Standard Standard logging. In general, only errors are reported.
Verbose For every rejected mail the sender, the subject and the rejection-reason are logged.
Extended In addition to the above, the correspondig dialog option that caused the rejection will be listed. Durations will be shown.
Debug-Mode Only for debugging. Start and end of subroutines and the contents of the mails are logged, too.
Remove previous log Within this option you define how long previous log entries will be held.



Version history

Version Remarks
1.2.0.0 Added "Gray list".
1.1.0.3 Recognizes more Scripts hidden in CSS.

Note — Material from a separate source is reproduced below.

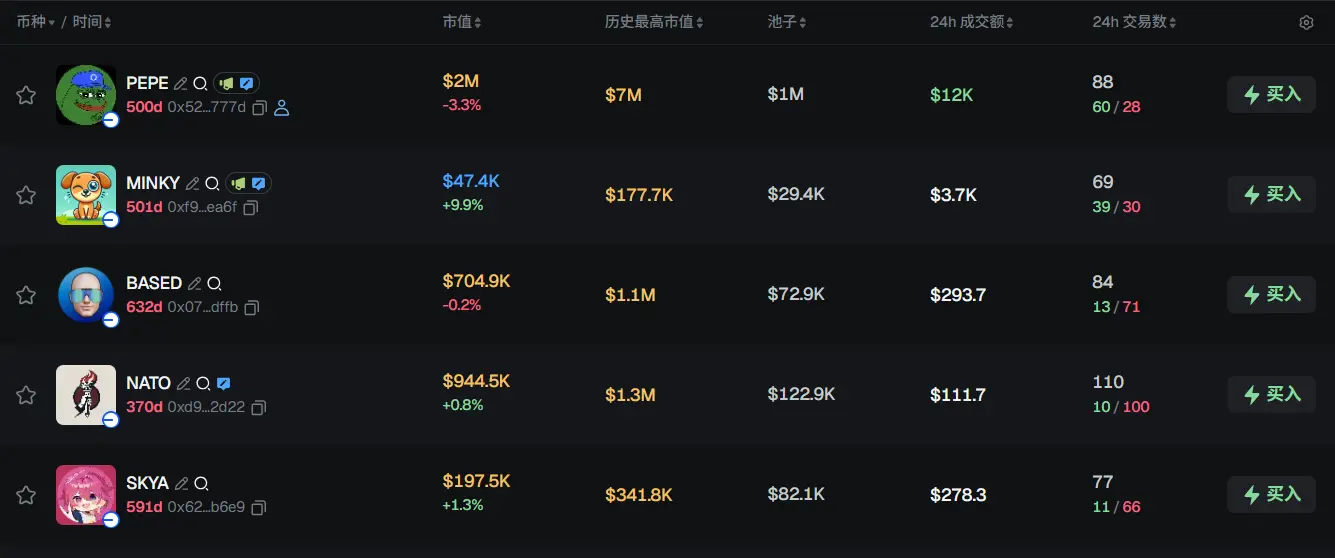 过去 24h Base 热门代币前五依次为:PEPE、MINKY、BASED、NATO、SKYA

  Accepts "?xml"-notation of xmlns.
1.0.9.7 Corrected bug in previous version that caused most settings deactivated, regardles of user settings.
1.0.9.6 Improved performance for mails with big attachments.
  Logging-mode "extended" now shows durations.
1.0.9.5 Fixed serious bug that marked all dates as forged if other date separator than "." is defined in local settings.
  Improved recognition of external files (e.g. Images).
  Improved logging details.
1.0.9.4 Fixed small bug concerning message-id headers including comments.
1.0.9.3 Fixed bug showing no filter-reason when logging was deactivated.
1.0.9.1 Improved scan for external images / frames.
  Improved performance of HTML-Scan.
  Now accepts XML name spaces (xmlns, as used e.g. by Office programs) in HTML-Scan.
  Fixed bug that marked given time zones without plus- or minus-sign ("+" "-") as forged date (e.g. "0100").